Girls in an Uttarakhand district find their names on their houses. It is a claim worth nurturing
What’s in a name? Patriarchy teaches a woman, early on, to settle for a slender grip on the primary block of identity — her name. It changes with marriage, as several women take on their husband’s family name to mark the transition from one social unit to another. Some communities are known to go further and rename a new bride entirely. In India, it is tied with the persistent cultural belief, affirmed by rituals, myths, music and cinema, that girls are paraya dhan, destined to be wrenched away from their ties and rights in their maternal home, to cede the space they once owned in it.
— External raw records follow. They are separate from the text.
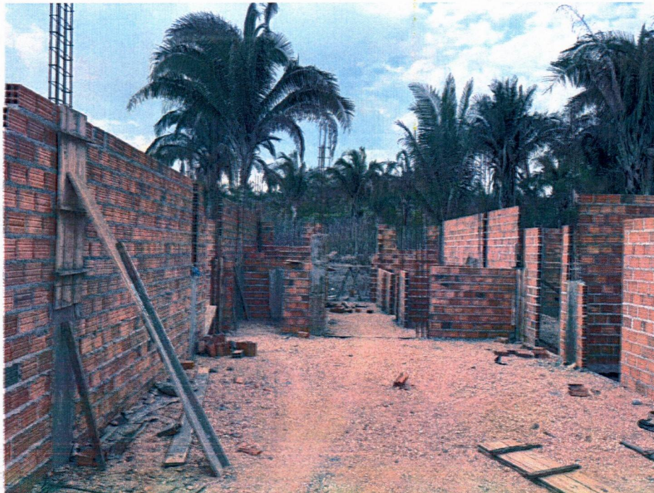
Imagem 4 – Execução da alvenaria, concretagem dos pilares e aterro da escola.
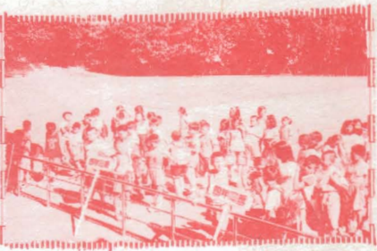
▲鶯歌國小學生準備移撥昌福
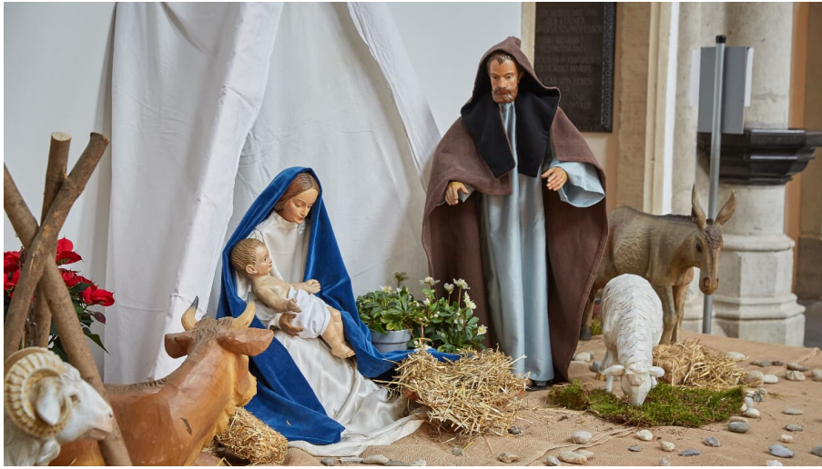
Axel Schulten - Axel Schulten

And so, the push by the district administration of Uttarakhand’s Pauri Garhwal to encourage families to put up nameplates bearing their daughters’ name on their houses is a refreshing step. In doing so, the government hopes to create awareness about gender rights and women’s right to own property. Indeed, that Indian homes struggle to make space for women’s names is an indication of a harsh economic logic — that marriage is an institution meant for the aggrandisement of male property and family wealth, not women’s financial health. Progressive changes in law have not been enough to dent that logic. Even if women have the right to claim a share in their parents’ property, there is little social legitimacy for such an assertion. But, as studies have shown, the ownership of property makes a spectacular difference to women’s resilience, bringing down levels of domestic violence and poverty.
The administration of Pauri Garhwal, also struggling with a falling child sex ratio — a warning that female worth has been found wanting by a ruthless social calculus — hopes to prod families to see their future in girl children. A nameplate on the door might not lead to a newer home within, but it is surely an aspiration worth seeding for the future.